Supplied data:
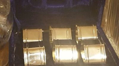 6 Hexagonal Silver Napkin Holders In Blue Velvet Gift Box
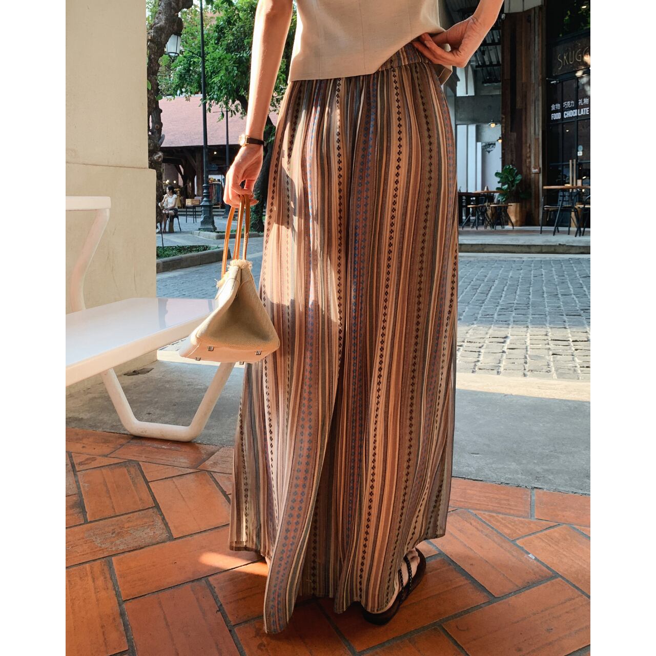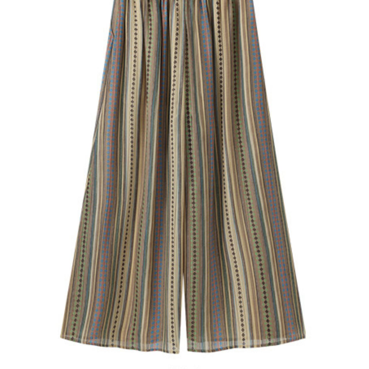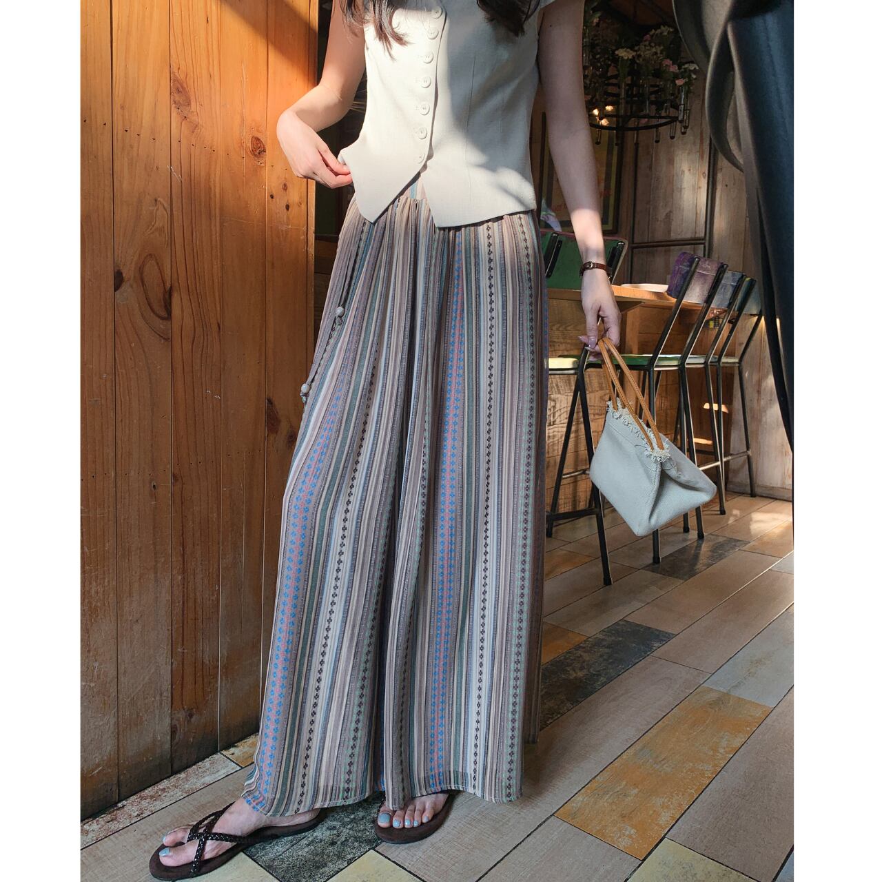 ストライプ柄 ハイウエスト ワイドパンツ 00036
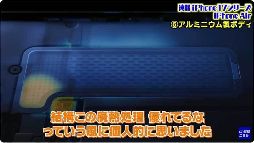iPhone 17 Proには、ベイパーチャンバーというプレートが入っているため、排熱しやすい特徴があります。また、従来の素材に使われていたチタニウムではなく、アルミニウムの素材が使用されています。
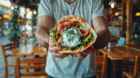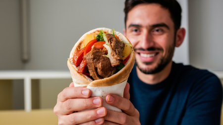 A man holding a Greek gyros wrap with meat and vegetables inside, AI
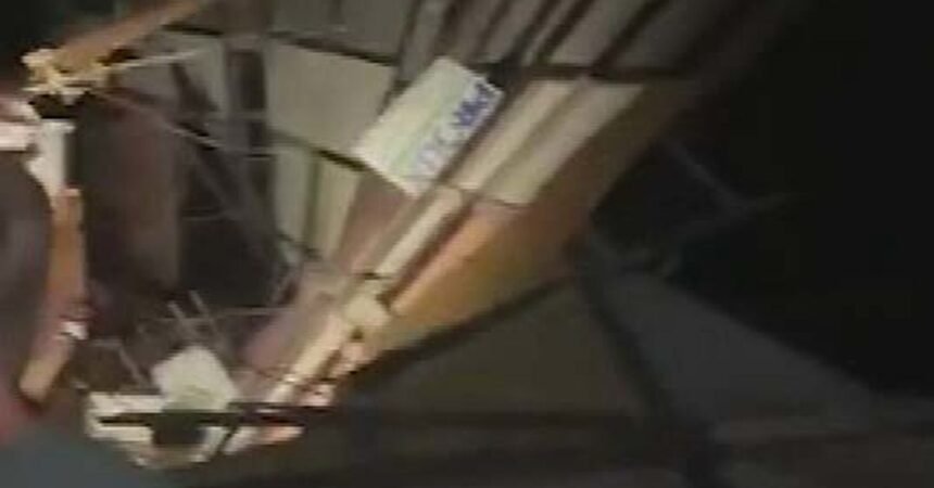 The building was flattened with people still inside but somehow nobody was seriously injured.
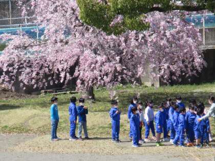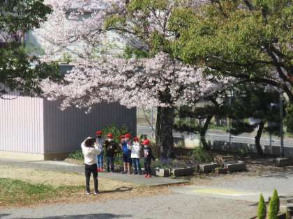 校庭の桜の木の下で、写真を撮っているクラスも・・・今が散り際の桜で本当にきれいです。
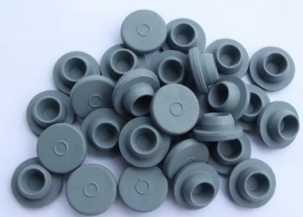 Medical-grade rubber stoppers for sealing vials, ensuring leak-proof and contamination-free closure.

...

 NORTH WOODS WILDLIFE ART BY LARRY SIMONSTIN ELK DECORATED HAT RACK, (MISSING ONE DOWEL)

---

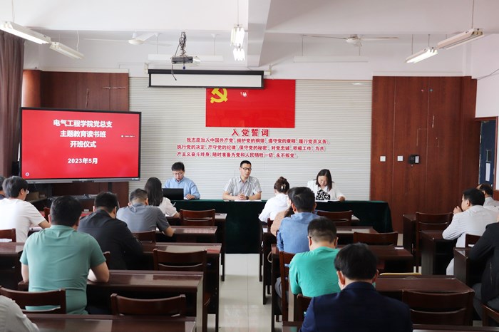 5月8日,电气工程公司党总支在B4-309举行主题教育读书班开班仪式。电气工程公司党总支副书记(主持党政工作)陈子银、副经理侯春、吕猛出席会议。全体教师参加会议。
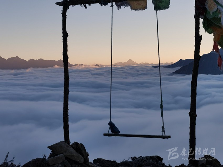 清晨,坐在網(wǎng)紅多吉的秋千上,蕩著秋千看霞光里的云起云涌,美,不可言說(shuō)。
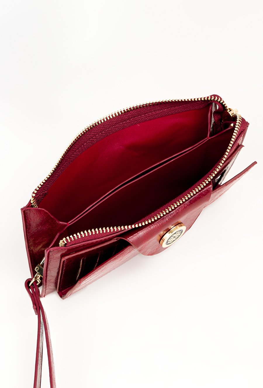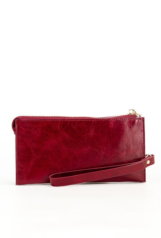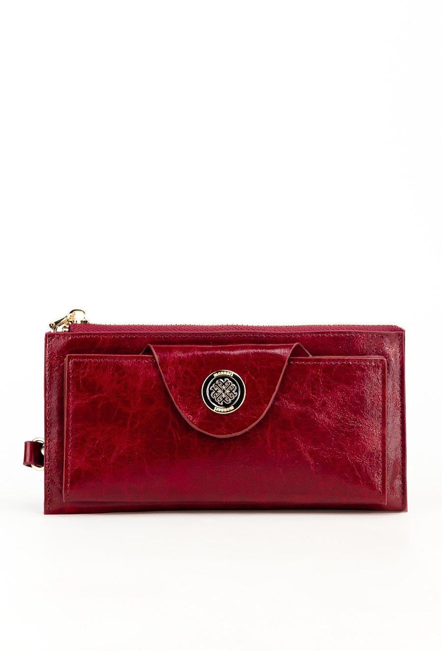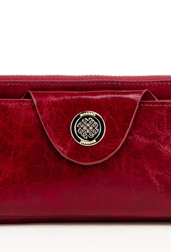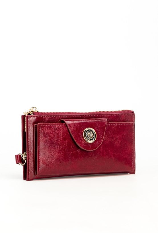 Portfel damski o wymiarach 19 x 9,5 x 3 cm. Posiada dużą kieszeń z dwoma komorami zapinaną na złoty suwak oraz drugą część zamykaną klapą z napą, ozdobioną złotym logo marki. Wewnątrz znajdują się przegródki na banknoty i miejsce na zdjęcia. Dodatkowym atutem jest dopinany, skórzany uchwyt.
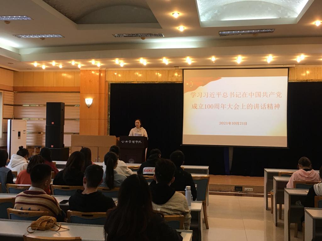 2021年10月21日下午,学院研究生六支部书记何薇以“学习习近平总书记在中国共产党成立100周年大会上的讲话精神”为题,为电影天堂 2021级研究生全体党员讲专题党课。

What you have to do:
Look above for the line with "6 Hexagonal Silver" and the line with "Medical-grade rubber stoppers", then restate exactly those two lines and all lines between them, with no pictures.

Solved exercise:
 6 Hexagonal Silver Napkin Holders In Blue Velvet Gift Box
 ストライプ柄 ハイウエスト ワイドパンツ 00036
iPhone 17 Proには、ベイパーチャンバーというプレートが入っているため、排熱しやすい特徴があります。また、従来の素材に使われていたチタニウムではなく、アルミニウムの素材が使用されています。
 A man holding a Greek gyros wrap with meat and vegetables inside, AI
 The building was flattened with people still inside but somehow nobody was seriously injured.
 校庭の桜の木の下で、写真を撮っているクラスも・・・今が散り際の桜で本当にきれいです。
 Medical-grade rubber stoppers for sealing vials, ensuring leak-proof and contamination-free closure.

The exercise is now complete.